Use nf_tables.h from either netfilter or linux source code: https://git.netfilter.org/libnftnl/tree/include/linux/netfilter/nf_tables.h

The 2572 as message type marks the NFT_MSG type:

>>> bin(2572)
'0b101000001100'

Checking for message types in source code: https://git.netfilter.org/libnftnl/tree/include/linux/netfilter/nf_tables.h?id=3eaa940bc33a3186dc7ba1e30640ec79b5f261b9#n101, index in the enum corresponds to its value, so NFT_MSG_NEWSETELEM is 12:

>>> bin(12)
'0b1100'

The last 8 bits in the type are the same, so we can conclude that this is a message for adding a new set element. The meaning of the first 4 bits in the message type value (2560) is for you to try and conclude on your own.

Now that we know that this is a message for adding a new set element, the comment above the nf_tables_msg_types enum reveals:

 * @NFT_MSG_NEWSETELEM: create a new set element (enum nft_set_elem_attributes)

Moving to the appropriate struct: https://git.netfilter.org/libnftnl/tree/include/linux/netfilter/nf_tables.h?id=3eaa940bc33a3186dc7ba1e30640ec79b5f261b9#n422

The enum index corresponds to its integer value, so NFTA_SET_ELEM_KEY is 1, NFTA_SET_ELEM_DATA is 2 and so on.

I'm leaving further dissection of the above packet to you as an exercise.

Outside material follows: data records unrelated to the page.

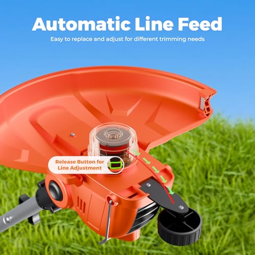 Advanced Auto-Feed Line, No Bumping Required: Keep working without interruptions thanks to the upgraded automatic line feed system. Unlike traditional weed wacker or weed eater models, this battery operated weed eater allows the line to advance smoothly for consistent cutting performance
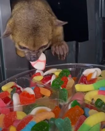 Laut der Tierpflegerin sind Gummibärchen (Zucker) ein Teil ihrer Ernährungsweise, da die Tiere in der Natur viel Honig fressen und es ihnen somit nichts ausmacht
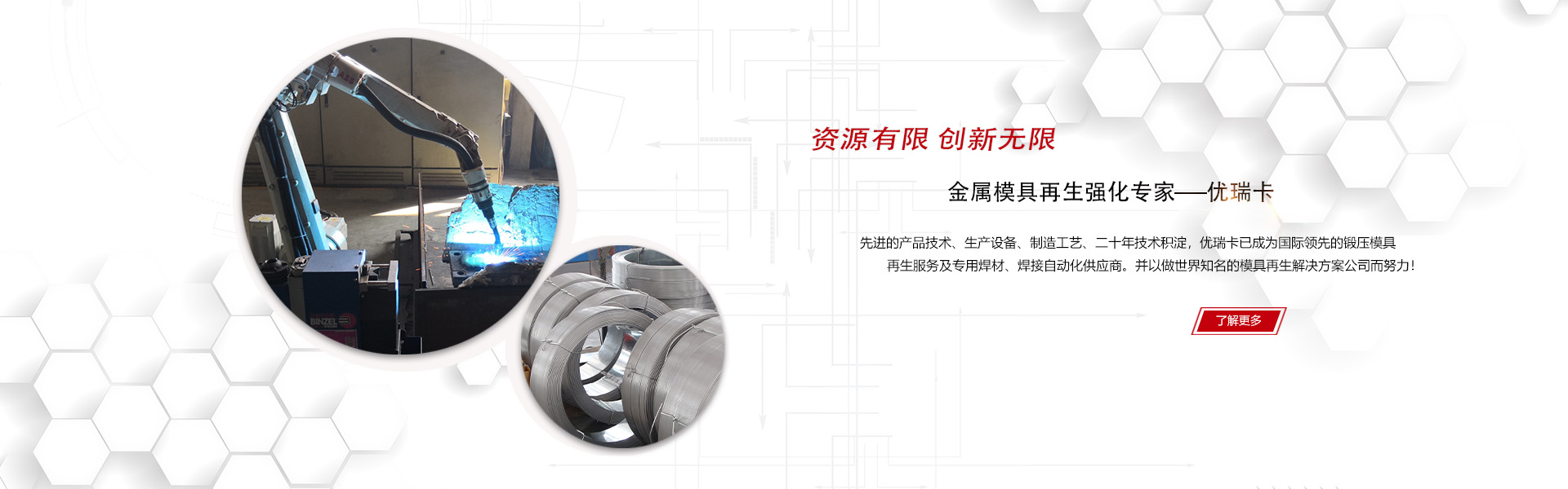 優(yōu)瑞卡是國內(nèi)知名的鍛造模具再生服務(wù)及專用焊材、模具焊接系統(tǒng)供應(yīng)商,我們吸收引用美國、德國、日本等國的先進模具焊修經(jīng)驗,結(jié)合國內(nèi)企業(yè)情況,不斷創(chuàng)新并研發(fā)了更加有效、更加成熟、更易操作的模具再生技術(shù),為廣大企業(yè)在鍛造、沖壓、壓鑄、塑料模具及機械部件維修方面提供優(yōu)質(zhì)的焊接材料、自動化焊接系統(tǒng)、模具加工用刀具和完善的再生修復服務(wù)。優(yōu)瑞卡正逐漸成為國內(nèi)外鍛造與沖壓企業(yè)創(chuàng)造更大利潤、提升核心競爭力不可或缺的重要推動力!
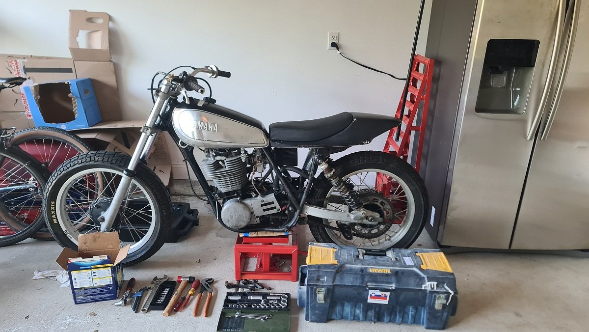 Da ich es nicht geschafft habe meine XT's in die USA zu bewegen und die Möglichkeiten auch nicht besser werden habe ich mir im Bundesstaat Texas eine mehr schlecht als recht erhaltene TT gekauft und nach Alabama transportiert. Interessant war daran das es sich um einen ehemaligen Sanbahnrenner handelte und der Rahmen umgebaut worden ist. Vorne ist eine 17.5 Zoll Felge (muss ich nochmal genau schauen) und hinten die normal 18er.

realsyy commented 10 months ago

@turekt Yes, i can analyze a debug message as you do by doing manual work,i thought there may be a tool like nft or any other binary program which can analyze a debug message itself, all you do is just type a bash command.Thanks very much for your guidance!